I’m not “a troll” for asking inconvenient questions. Let me rephrase just a few of the major outstanding ones:

  1. How do you propose that these RIA features in the hypertext spec should actually work out in the world? VIDEO tag seems like it will fail with codec ambiguity. HTML is intrinsically a “Let’s Use Microsoft Runtimes!” kind of scene. How can you specify the syntax for new features, without any realistic plan for making these features possible in the real world?
  2. If you’re actually seeking browser support for patent-unencumbered codecs, expanded local storage, drawing engines and such, then why aren’t you making plugins for other browsers? If it’s because “plugins are not first-class citizens in the browser”, then improve your plugin support and cross-browser homogeneity so that they are. At the very least your VIDEO tag plan must take advantage of existing video support out there in the world. Why has Google Gears been allowed to languish? Why isn’t a CANVAS ActiveX Control seriously discussed? Why do you let an anti-plugin prejudice spoil you to the possibilities for increasing your own success?
  3. How are you really helping content developers reach their audiences? The only benefit VIDEO tag seems to bring is to browser vendors who wish to fragment web video into their own proprietary silos. Ten years ago DHTML powerplays fragmented browser support, and it was content developers who have been paying the cost ever since.
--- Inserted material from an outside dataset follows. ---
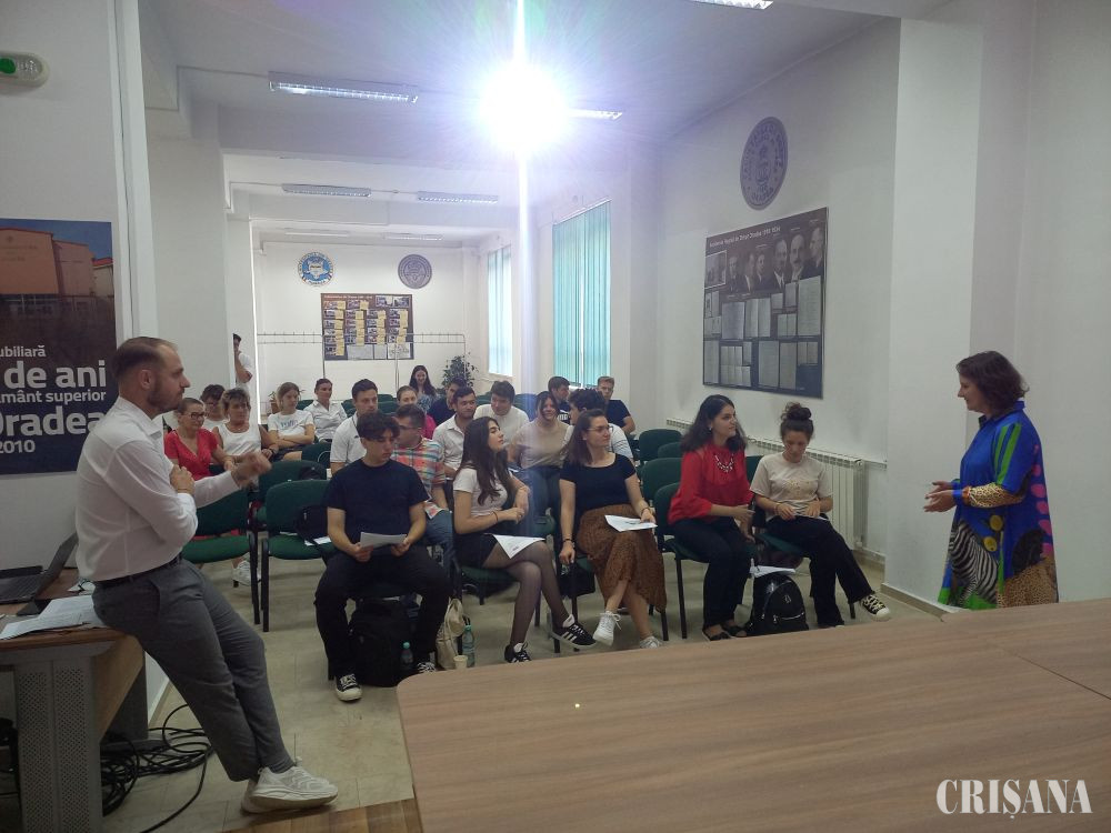 Studenți orădeni de la studii europene s-au întâlnit joi, 6 iulie, cu reprezentanții Biroului de Legătură al Parlamentului European în România. Asistând la scurte prelegeri, dezbateri și, mai ales, participând la jocuri interactive, tinerii au învățat cum să fie cetățeni activi ai Uniunii Europene.

It’s good that the current spec will clarify past hypertext ambiguities. But introducing vast new realms of ambiguity does not help. How is this HTML5 proposal actually helping creators reach their audiences, out in the real world?

(For some of the IRC content: My tweets on twitter.com make sense if you try to use that UI — each refresh brings back a different set of Ajaxy interactions. A “troll” is someone who uses the anonymity possible on the Internet to harass others — it is not someone who takes named responsibility for asking reasonable questions. “Browser brands” refers to the multiple HTML engines consumers might choose: Microsoft, Mozilla, Apple, Opera, and Google — they differ in their capabilities. Browsers are not “just Flash loaders”… hypertext browsers are vital and unique tools, and we all hope they remain as such.)

Reasonable questions, no matter how difficult, deserve answers. Raising such questions does not deserve namecalling. And namecalling… does not persuade.

Opera CEO quotes on Flash

Yesterday there was a newspaper article titled “Opera: Web standards could eclipse Flash”. This prompted a big debate on Slashdot — about CSS vs TABLEs and such. ;-)

I stayed out of it because I didn’t know what Opera CEO Jon von Tetzchner actually said. Turns out there’s a transcript, and it shows that the headline was picked out from a part at the end of the interview. After a long section on widgets, then on browser competition and HTML5, this came up, before being closed out by app stores and Palm Pre:

(Q) In your presentation earlier, you were talking about what HTML 5 can do as a replacement for Flash.

(A) I think you can do most things with the web standards today. In some ways, you may say you don’t need Flash. On the other hand, I like Adobe — they’re a nice company. I hope they flourish and do well, so this is not about killing Flash. I think Flash will be around for a very, very long time, but I think it’s natural that web standards also evolve to be richer. You can then choose whether you’d like to do it through web standards or whether you’d like to use Flash. What we definitely don’t need is more proprietary technology — that’s the main thing. We have Flash. It’s there — fine. Let’s not get anything more.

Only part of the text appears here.